**** RECORDS

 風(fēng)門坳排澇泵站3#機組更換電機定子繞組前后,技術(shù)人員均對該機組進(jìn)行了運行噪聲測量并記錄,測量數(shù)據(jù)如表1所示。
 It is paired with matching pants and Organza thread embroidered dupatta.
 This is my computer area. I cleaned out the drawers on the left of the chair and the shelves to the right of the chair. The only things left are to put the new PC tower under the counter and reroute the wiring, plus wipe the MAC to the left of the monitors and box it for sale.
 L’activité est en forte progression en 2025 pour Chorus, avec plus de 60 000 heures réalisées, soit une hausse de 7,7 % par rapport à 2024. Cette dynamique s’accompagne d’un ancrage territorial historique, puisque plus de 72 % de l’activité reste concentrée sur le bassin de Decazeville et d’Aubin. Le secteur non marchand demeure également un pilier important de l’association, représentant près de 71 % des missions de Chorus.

********
**** RECORDS

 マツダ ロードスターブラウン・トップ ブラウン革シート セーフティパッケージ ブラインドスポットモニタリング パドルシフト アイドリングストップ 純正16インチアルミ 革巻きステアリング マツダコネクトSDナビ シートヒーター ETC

********
**** RECORDS

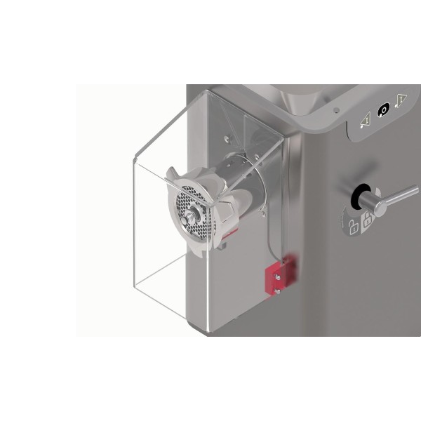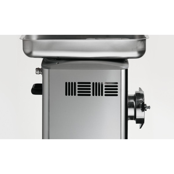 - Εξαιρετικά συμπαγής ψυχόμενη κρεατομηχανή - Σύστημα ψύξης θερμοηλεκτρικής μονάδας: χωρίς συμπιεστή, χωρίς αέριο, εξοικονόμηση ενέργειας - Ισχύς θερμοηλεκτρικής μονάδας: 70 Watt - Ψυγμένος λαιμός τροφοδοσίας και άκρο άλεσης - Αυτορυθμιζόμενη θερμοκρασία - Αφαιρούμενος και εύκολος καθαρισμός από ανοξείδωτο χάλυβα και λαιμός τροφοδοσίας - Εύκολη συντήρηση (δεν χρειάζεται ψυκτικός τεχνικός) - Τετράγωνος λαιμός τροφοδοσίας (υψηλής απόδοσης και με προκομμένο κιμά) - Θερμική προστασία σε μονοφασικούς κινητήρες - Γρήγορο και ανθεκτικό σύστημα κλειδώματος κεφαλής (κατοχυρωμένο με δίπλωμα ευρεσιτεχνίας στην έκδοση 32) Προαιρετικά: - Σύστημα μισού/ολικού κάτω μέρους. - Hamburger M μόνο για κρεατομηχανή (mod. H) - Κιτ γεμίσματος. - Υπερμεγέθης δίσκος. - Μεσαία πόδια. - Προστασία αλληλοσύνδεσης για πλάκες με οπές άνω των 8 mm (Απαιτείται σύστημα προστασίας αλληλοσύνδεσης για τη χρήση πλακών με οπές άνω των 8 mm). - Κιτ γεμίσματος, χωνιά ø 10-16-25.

********

*WORK TO BE COMPLETED*.
Of the entries above, repeat exactly the lines between the line with "風(fēng)門坳排澇泵站3" and the line with "It is paired", inclusive, and no others.

*RESPONSE TO THIS EXERCISE*.
 風(fēng)門坳排澇泵站3#機組更換電機定子繞組前后,技術(shù)人員均對該機組進(jìn)行了運行噪聲測量并記錄,測量數(shù)據(jù)如表1所示。
 It is paired with matching pants and Organza thread embroidered dupatta.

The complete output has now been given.